Calf Stretching: With your face facing the wall, one foot in front of the other, stretch your arms towards the wall. Place the upper part of your body against the wall and place your head on your hands. Bend your front knee so that your back leg takes all your weight. Hold for one minute and then replace the leg.
Shoulder flip: Sit back with legs crossed against the wall. Place your fingers on your shoulders and draw circles backwards with your elbow. Stretch your arm over your head, stretch your upper back and relieve the pressure under your chest.
Leg stretching: Sit upright, spread your legs, knees straight and hands tied behind you. Gently lean forward towards your right knee. Hold on for a minute, come back and lean on your left leg.
Butterfly sitting: Sit upright, your soles are stuck together and close to your body. Grasp your hands and feet, gently push your knees to the floor. Stay in this position for a while, then relax and repeat the movement.
Japanese sitting: Kneel down on your knees as far away from each other as possible. Lean your butt forward from the hip without lifting your butt. When your hands or elbow touch the ground, you feel the tension in the groin.

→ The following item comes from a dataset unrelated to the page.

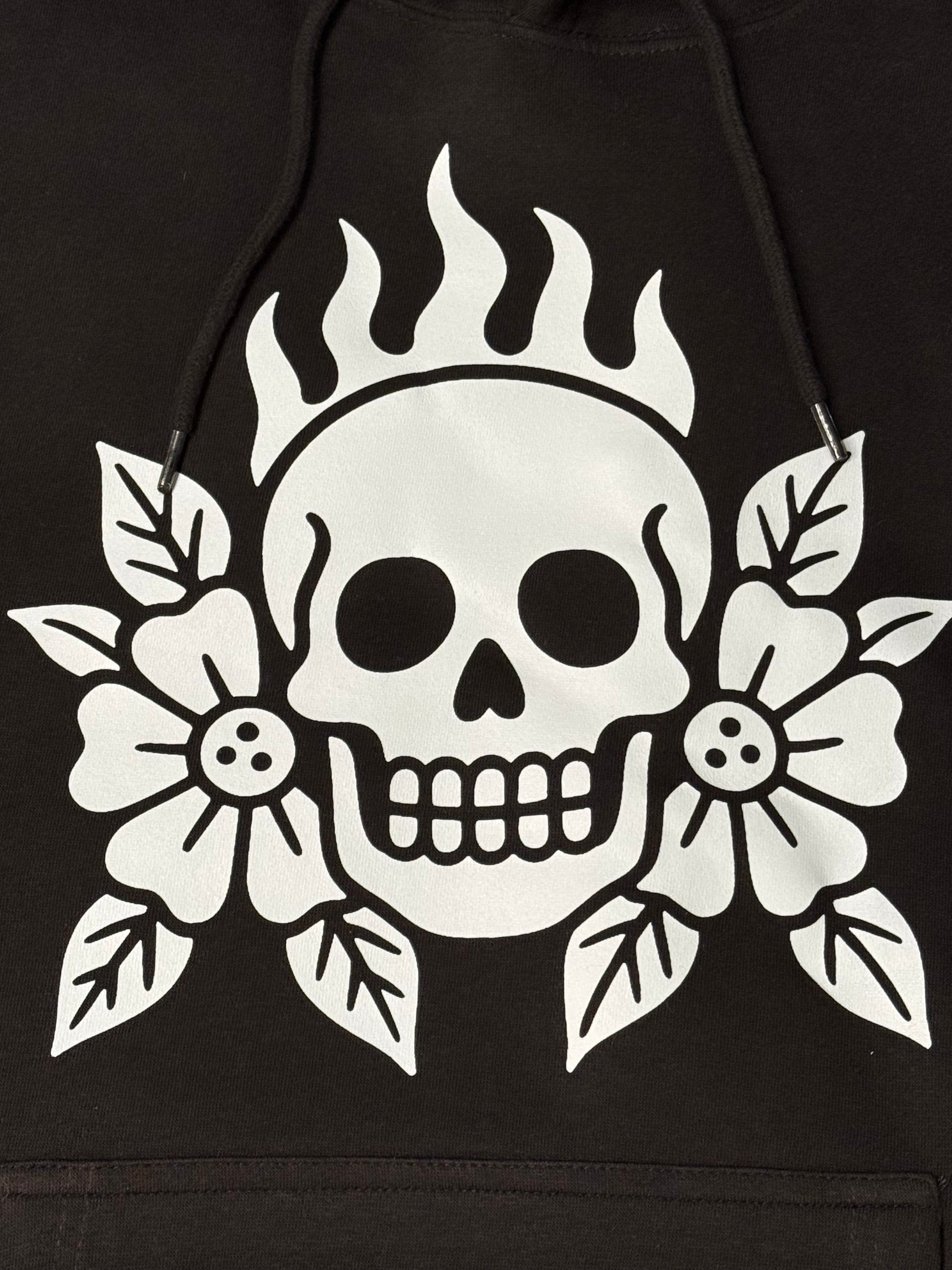 This striking design features a fierce skull crowned with blazing fire, encircled by delicate flowers. The bold contrast between flames and blooms captures a daring spirit—perfect for those who embrace both intensity and beauty in one fearless look.

Squatting: At first you may have to hold onto something for support. Put a few books under your buttocks and reduce them one by one as your squat develops. Crouch against the wall to support your waist. You can also squat by placing a hard cushion under your heels. Crouching without support is as follows: Your feet are 1 meter apart and your waist is upright. Join your hands and separate your elbows and knees. Just hold on like that for a few minutes.

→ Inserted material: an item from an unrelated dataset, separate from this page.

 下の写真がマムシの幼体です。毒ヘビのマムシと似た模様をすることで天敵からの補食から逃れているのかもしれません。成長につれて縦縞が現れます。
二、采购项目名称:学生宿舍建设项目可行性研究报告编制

Kegel Exercise in Pregnancy

Pregnant women can voluntarily run and work out the muscle group that forms the base of the pelvis. The basic principle in Kegel exercise is to relax and relax this muscle group for 3 seconds. Day to day this time can be extended up to 20 seconds. For easy understanding, this exercise can be described as the movement of holding your urine while you are flushing. These exercises increase the strength and elasticity of the muscles forming the pelvic floor. This exercise should be repeated 15 times for three seconds at each training session. It is ideal to have at least six sessions a day.

These exercises;
* Facilitates birth,
* Reduces the risk of possible ruptures during labor,
* Prevents sagging of reproductive organs in the pelvis,
* Possible stress caused by birth eliminates the possibility of urinary incontinence.